# EXERCISE
Return only the lines below starting at the line containing "考虑矫正牙齿的17 C消费者" and ending at the line containing "If you have", both included, exactly as they are and with no pictures.

# DATA TO PROCESS
= = = = = = =
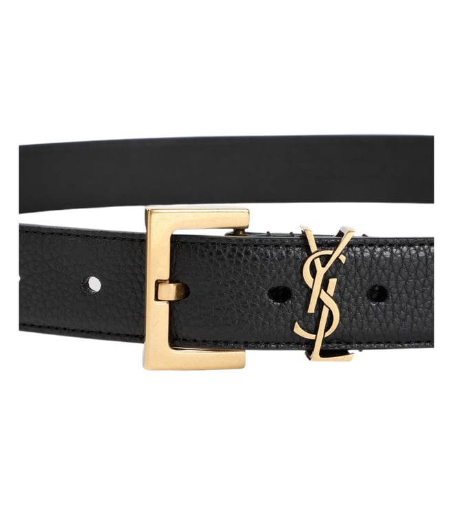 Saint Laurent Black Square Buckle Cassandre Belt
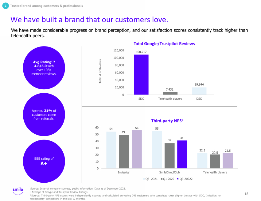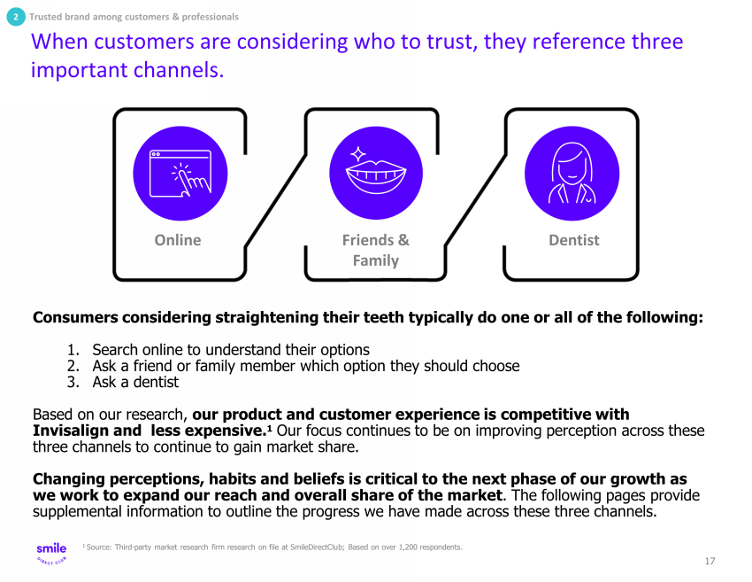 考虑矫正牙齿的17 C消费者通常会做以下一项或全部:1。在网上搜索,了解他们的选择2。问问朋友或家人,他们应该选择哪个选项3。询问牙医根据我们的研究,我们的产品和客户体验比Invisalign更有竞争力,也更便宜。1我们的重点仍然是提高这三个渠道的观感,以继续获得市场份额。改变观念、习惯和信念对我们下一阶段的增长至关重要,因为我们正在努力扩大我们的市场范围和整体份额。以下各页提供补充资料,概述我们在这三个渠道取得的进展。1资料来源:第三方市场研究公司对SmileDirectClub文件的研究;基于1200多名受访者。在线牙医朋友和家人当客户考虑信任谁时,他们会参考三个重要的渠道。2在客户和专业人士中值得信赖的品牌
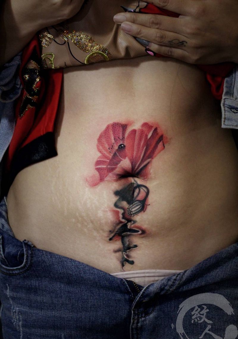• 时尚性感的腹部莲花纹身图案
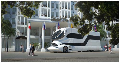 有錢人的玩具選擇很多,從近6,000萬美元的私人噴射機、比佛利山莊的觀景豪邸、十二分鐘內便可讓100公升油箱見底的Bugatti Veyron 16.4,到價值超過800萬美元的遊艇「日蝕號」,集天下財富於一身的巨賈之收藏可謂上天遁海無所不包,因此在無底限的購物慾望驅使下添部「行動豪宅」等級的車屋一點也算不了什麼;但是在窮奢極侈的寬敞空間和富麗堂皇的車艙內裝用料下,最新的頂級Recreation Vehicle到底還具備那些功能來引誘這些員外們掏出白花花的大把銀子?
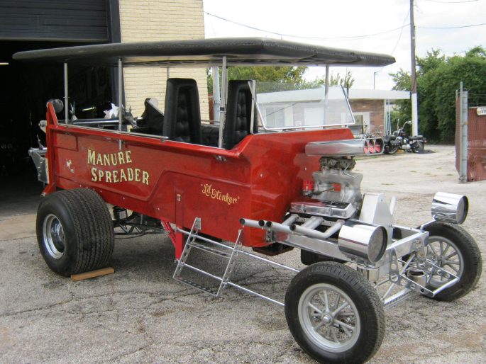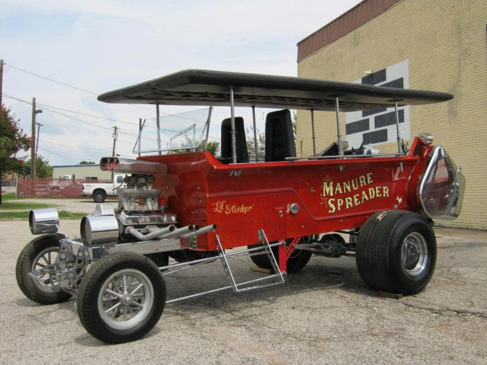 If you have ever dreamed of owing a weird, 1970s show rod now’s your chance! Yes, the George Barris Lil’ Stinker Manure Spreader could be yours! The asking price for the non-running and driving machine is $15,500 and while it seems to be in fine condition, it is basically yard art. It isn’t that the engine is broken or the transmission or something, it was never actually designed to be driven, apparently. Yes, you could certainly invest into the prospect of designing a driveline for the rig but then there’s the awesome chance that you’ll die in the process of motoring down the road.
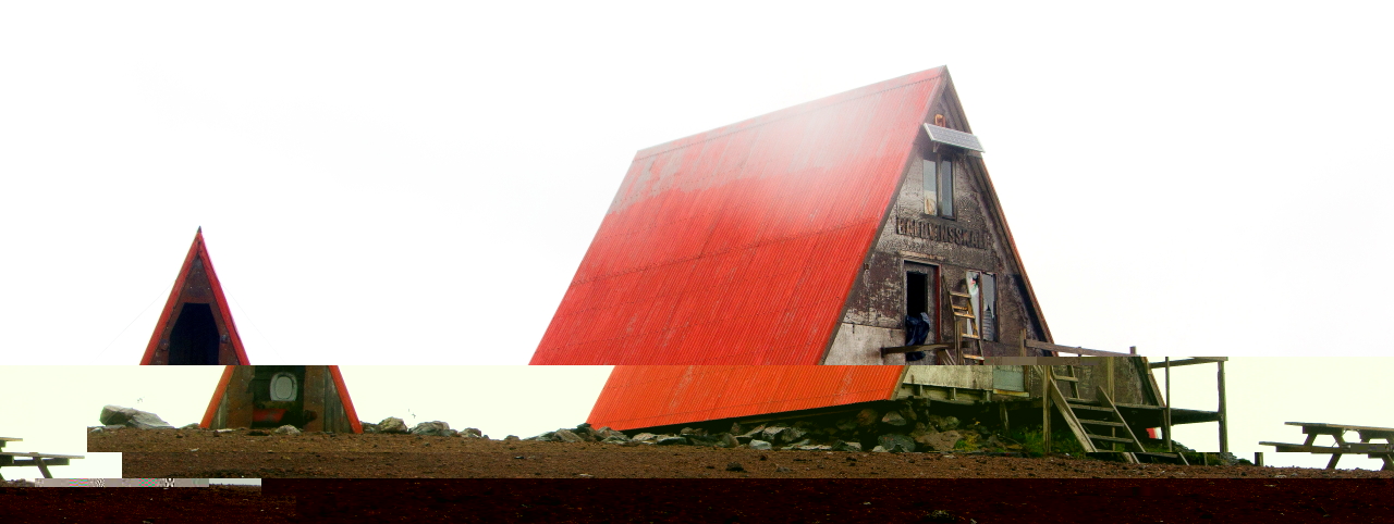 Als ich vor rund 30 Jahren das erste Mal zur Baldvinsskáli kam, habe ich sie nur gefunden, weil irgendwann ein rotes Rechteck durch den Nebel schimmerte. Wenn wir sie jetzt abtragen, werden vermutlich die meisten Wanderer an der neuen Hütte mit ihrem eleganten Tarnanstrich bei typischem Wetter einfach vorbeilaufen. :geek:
= = = = = = =
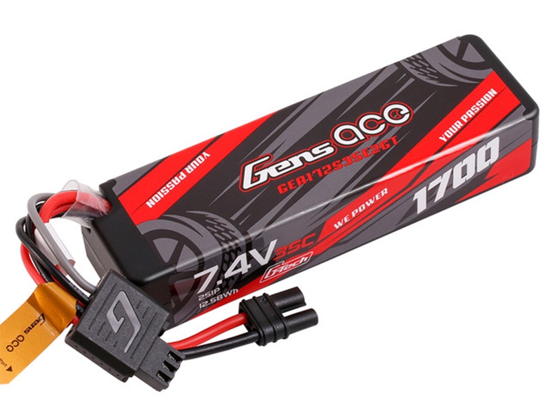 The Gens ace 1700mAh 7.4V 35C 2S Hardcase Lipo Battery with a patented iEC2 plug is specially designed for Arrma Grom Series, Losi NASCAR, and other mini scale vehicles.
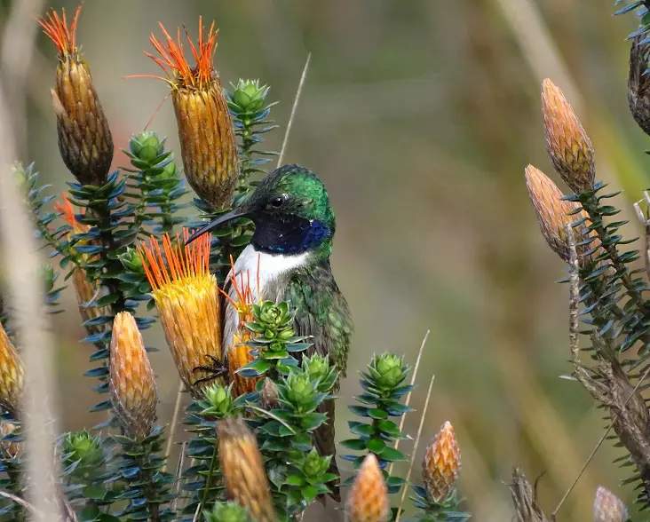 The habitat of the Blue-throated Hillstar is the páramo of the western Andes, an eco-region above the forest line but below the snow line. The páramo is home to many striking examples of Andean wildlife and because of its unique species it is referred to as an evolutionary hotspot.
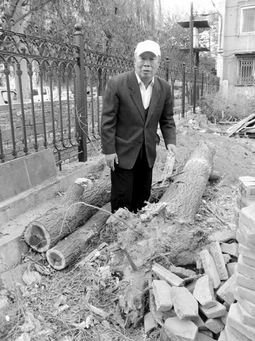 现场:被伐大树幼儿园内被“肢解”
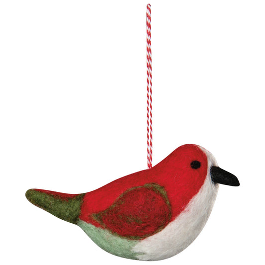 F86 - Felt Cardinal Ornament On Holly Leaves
= = = = = = =
# COMPLETED TASK
 考虑矫正牙齿的17 C消费者通常会做以下一项或全部:1。在网上搜索,了解他们的选择2。问问朋友或家人,他们应该选择哪个选项3。询问牙医根据我们的研究,我们的产品和客户体验比Invisalign更有竞争力,也更便宜。1我们的重点仍然是提高这三个渠道的观感,以继续获得市场份额。改变观念、习惯和信念对我们下一阶段的增长至关重要,因为我们正在努力扩大我们的市场范围和整体份额。以下各页提供补充资料,概述我们在这三个渠道取得的进展。1资料来源:第三方市场研究公司对SmileDirectClub文件的研究;基于1200多名受访者。在线牙医朋友和家人当客户考虑信任谁时,他们会参考三个重要的渠道。2在客户和专业人士中值得信赖的品牌
• 时尚性感的腹部莲花纹身图案
 有錢人的玩具選擇很多,從近6,000萬美元的私人噴射機、比佛利山莊的觀景豪邸、十二分鐘內便可讓100公升油箱見底的Bugatti Veyron 16.4,到價值超過800萬美元的遊艇「日蝕號」,集天下財富於一身的巨賈之收藏可謂上天遁海無所不包,因此在無底限的購物慾望驅使下添部「行動豪宅」等級的車屋一點也算不了什麼;但是在窮奢極侈的寬敞空間和富麗堂皇的車艙內裝用料下,最新的頂級Recreation Vehicle到底還具備那些功能來引誘這些員外們掏出白花花的大把銀子?
 If you have ever dreamed of owing a weird, 1970s show rod now’s your chance! Yes, the George Barris Lil’ Stinker Manure Spreader could be yours! The asking price for the non-running and driving machine is $15,500 and while it seems to be in fine condition, it is basically yard art. It isn’t that the engine is broken or the transmission or something, it was never actually designed to be driven, apparently. Yes, you could certainly invest into the prospect of designing a driveline for the rig but then there’s the awesome chance that you’ll die in the process of motoring down the road.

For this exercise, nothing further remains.